--- Required action ---
Take the line containing "- Nature's Supreme" and every line after it to the end of the material below; reproduce them exactly, without pictures.

--- The data ---
--*--
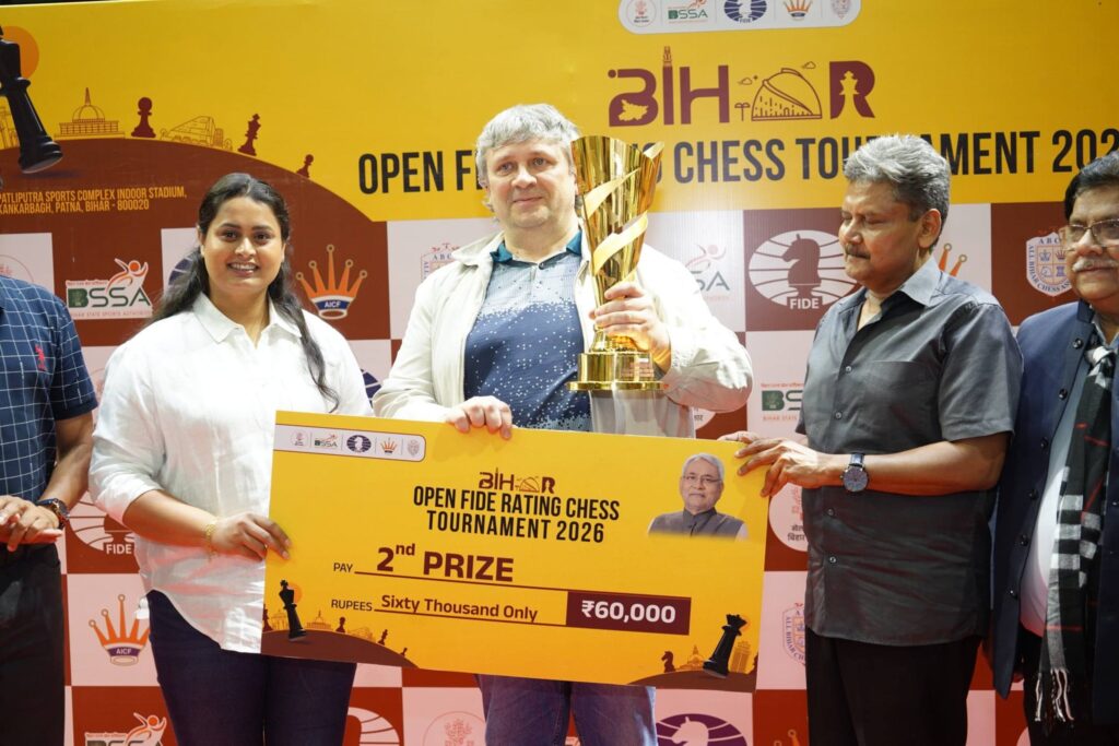 बिहार राज्य खेल प्राधिकरण, खेल विभाग , बिहार सरकार एवं अखिल बिहार शतरंज संघ के संयुक्त तत्वावधान में पटना के कंकड़बाग स्थित पाटलिपुत्र खेल परिसर में चल रही बिहार ओपन फिडे रेटिंग शतरंज प्रतियोगिता आज सम्पन्न हो गई। आज खेले गए अंतिम चक्र में बोर्ड नम्बर एक पर रूस के ग्रैंडमास्टर पीटर क्रियाकोव ने शुरुआती भूल के मद्देनजर महज तेरह चालों में बाजी ड्रा कर ली। वहीं दो नम्बर बोर्ड पर महाराष्ट्र के महेंद्रकर इंद्रजीत ने बंगाल परमब्रत सरकार को पराजित कर शीर्ष पर आ गए । मुकाबला तब और भी रोचक हो गया जब हरियाणा के पृथ्वी शर्मा ने नेपाल चैंपियन रुपेश जायसवाल को पराजित कर शीर्ष स्कोर ग्रुप में स्थान बना लिया। इस तरह आठ अंकों के साथ पीटर, महिंद्रकर एवं पृथ्वी तीनों संयुक्त रूप से शीर्ष पर आ गए। तत्पश्चात, टाई ब्रेक अंकों के आधार पर हुए निर्णय में आधे अंक के अंतर से इंद्रजीत महिंद्राकार को विजेता , ग्रैंडमास्टर पीटर क्रियाकोव को उपविजेता तथा पृथ्वी शर्मा द्वितीय उपविजेता का खिताब मिला ।
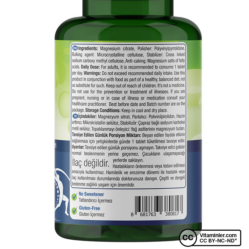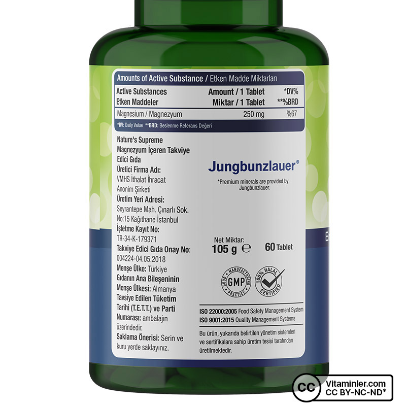 - Nature's Supreme Magnesium Citrate 250 Mg içeriğinde bulunan magnezyum mineralinin normal kemik ve normal dişlerin korumasına desteği,
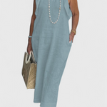 Φυσική ελαφρότητα με μια πινελιά κομψότητας. Το φόρεμα Yurena είναι κατασκευασμένο από ένα απαλό μείγμα λινό και βαμβάκι, ιδανικό για τις πιο ζεστές μέρες. Η χαλαρή και αμάνικη σιλουέτα του προσφέρει φρεσκάδα και ελευθερία κινήσεων, ενώ η μακριά κοπή του προσθέτει μια χαλαρή αλλά κομψή παρουσία.
--*--
--- The completed task ---
 - Nature's Supreme Magnesium Citrate 250 Mg içeriğinde bulunan magnezyum mineralinin normal kemik ve normal dişlerin korumasına desteği,
 Φυσική ελαφρότητα με μια πινελιά κομψότητας. Το φόρεμα Yurena είναι κατασκευασμένο από ένα απαλό μείγμα λινό και βαμβάκι, ιδανικό για τις πιο ζεστές μέρες. Η χαλαρή και αμάνικη σιλουέτα του προσφέρει φρεσκάδα και ελευθερία κινήσεων, ενώ η μακριά κοπή του προσθέτει μια χαλαρή αλλά κομψή παρουσία.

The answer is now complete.